The NTCIR-6 CLQA test collection can be used for experiments of cross-lingual information retrieval between Chinese (traditional), Japanese, and English (CJE) such as

* "X-Y subtask" indicates that questions are given in language X and answers are extracted from documents written in language Y

The documents are full-text of news articles in CJE languages, which were published in Asian areas from 1998 to 1999. The test collection also includes 200 Japanese questions (for J-J and J-E subtasks), 150 Chinese questions (for C-C and C-E subtasks), and 350 English questions (200 for E-J and E-E subtasks, and 150 for E-C and E-E subtasks), together with the correct answers to the questions and the IDs of the documents which support them to be answers.

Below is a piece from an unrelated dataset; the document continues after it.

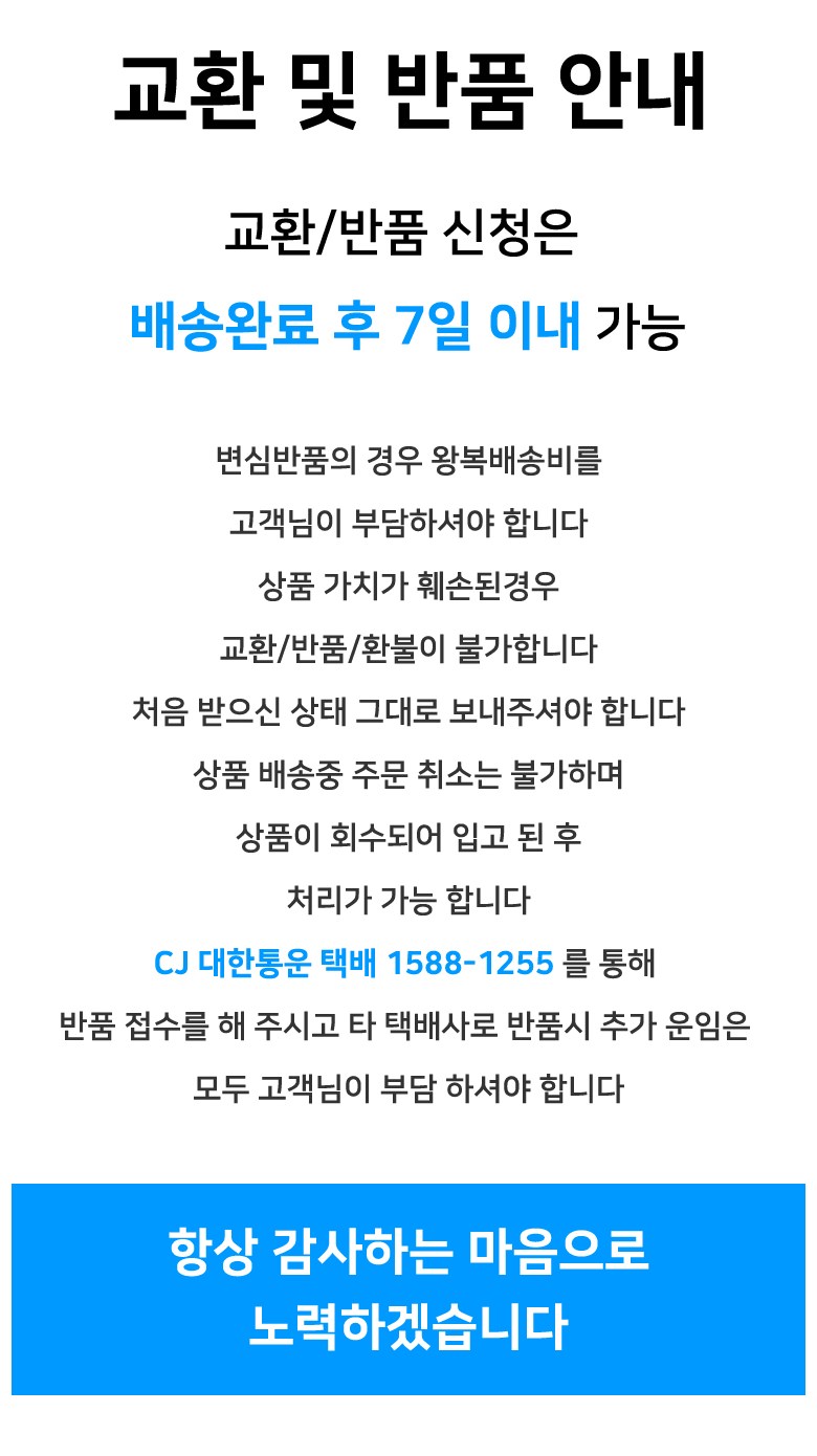 | 교환/반품 신청 기준일 | ㆍ단순변심에 의한 교환/반품은 제품 수령 후 7일 이내까지, 교환/반품 제한사항에 해당하지 않는 경우에만 가능 (배송비용과 교환/반품 비용 왕복배송비 고객부담) ㆍ상품의 내용이 표시·광고의 내용과 다른 경우에는 상품을 수령한 날부터 3개월 이내, 그 사실을 안 날 또는 알 수 있었던 날부터 |

collection	Task	Documents						Taskdata
		Genre	File name	Lang.	Year	# of docs	Sizes	Topic/Relevanc		Relevance judge
								Lang.	#
NTCIR-6 CLQA	QA	News articles	CIRB020 (A)	Traditional Chinese	1998-1999	249,203	320 MB	CJE	J-E/J-J/E-J: 200, C-E/C-C/E-C/E-E: 150	3 grades *
			Mainichi (B)	Japanese		220,078	282 MB
			EIRB010 (C)	English		10,204	24.5 MB
			Mainichi Daily (A)	English		12,723	33.3 MB
			Korea Times (A)	English		19,599	55.8MB
			Hong Kong Standard (C)	English		96,683	252MB

CIRB020: United Daily News, Economic Daily News, Min Sheng Daily, United Evening News, Star News (Copyright: UDN.COM) 1998-1999

EIRB010: Taiwan News (Copyright: Taiwan News); China Times English News (Copyright: China Times Inc.) 1998-1999

Korea Times (Copyright: Hankooki.com Co., Distribution rights: Korean Institute of Science and Technology Information) 1998-1999

Hong Kong Standard (Copyright: the Sing Tao Group, Distribution rights: Wisers Information Ltd.) 1998-1999

Questions

The format of testing questions is:

[QID]: "[Question]"

[QID] is the form of [QuestionSetID]-[Lang]-[QuestionNo]-[SubQuestionNo], where [QuestionSetID] is "CLQA2". [Lang] is one of JA (Japanese), ZH (Chinese), and EN (English).

[QuestionNo] and [SubQuestionNo] consist of four numeric characters starting with "S" or "T" and two numeric characters, respectively. ("S" is for sample questions and "T" for test questions.) An example of questions is:

CLQA2-EN-T3003-00: "Who was the UN secretary-general in 1999?"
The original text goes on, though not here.